**BRIEF**
With the pictures omitted, print exactly the lines below, from the one containing "Chip to rim" through the one containing "ヴェネチアンアクセサリー体験", and nothing else.

**DATA RECORDS**

——

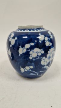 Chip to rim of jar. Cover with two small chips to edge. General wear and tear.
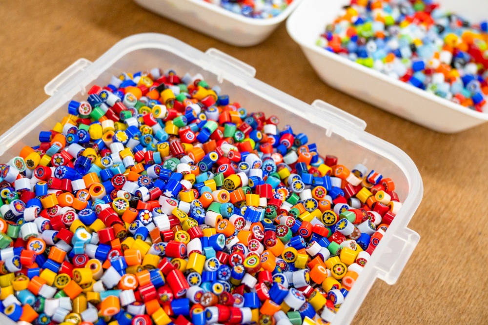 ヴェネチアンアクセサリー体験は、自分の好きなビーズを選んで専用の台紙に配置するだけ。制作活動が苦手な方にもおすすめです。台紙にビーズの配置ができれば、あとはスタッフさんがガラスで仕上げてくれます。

——

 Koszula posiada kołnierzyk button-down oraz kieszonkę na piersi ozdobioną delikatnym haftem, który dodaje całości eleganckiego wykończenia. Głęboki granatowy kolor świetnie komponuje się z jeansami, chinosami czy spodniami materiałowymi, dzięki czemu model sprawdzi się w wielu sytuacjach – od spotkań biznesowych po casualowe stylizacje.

——

**SOLUTION TO THIS EXERCISE**
 Chip to rim of jar. Cover with two small chips to edge. General wear and tear.
 ヴェネチアンアクセサリー体験は、自分の好きなビーズを選んで専用の台紙に配置するだけ。制作活動が苦手な方にもおすすめです。台紙にビーズの配置ができれば、あとはスタッフさんがガラスで仕上げてくれます。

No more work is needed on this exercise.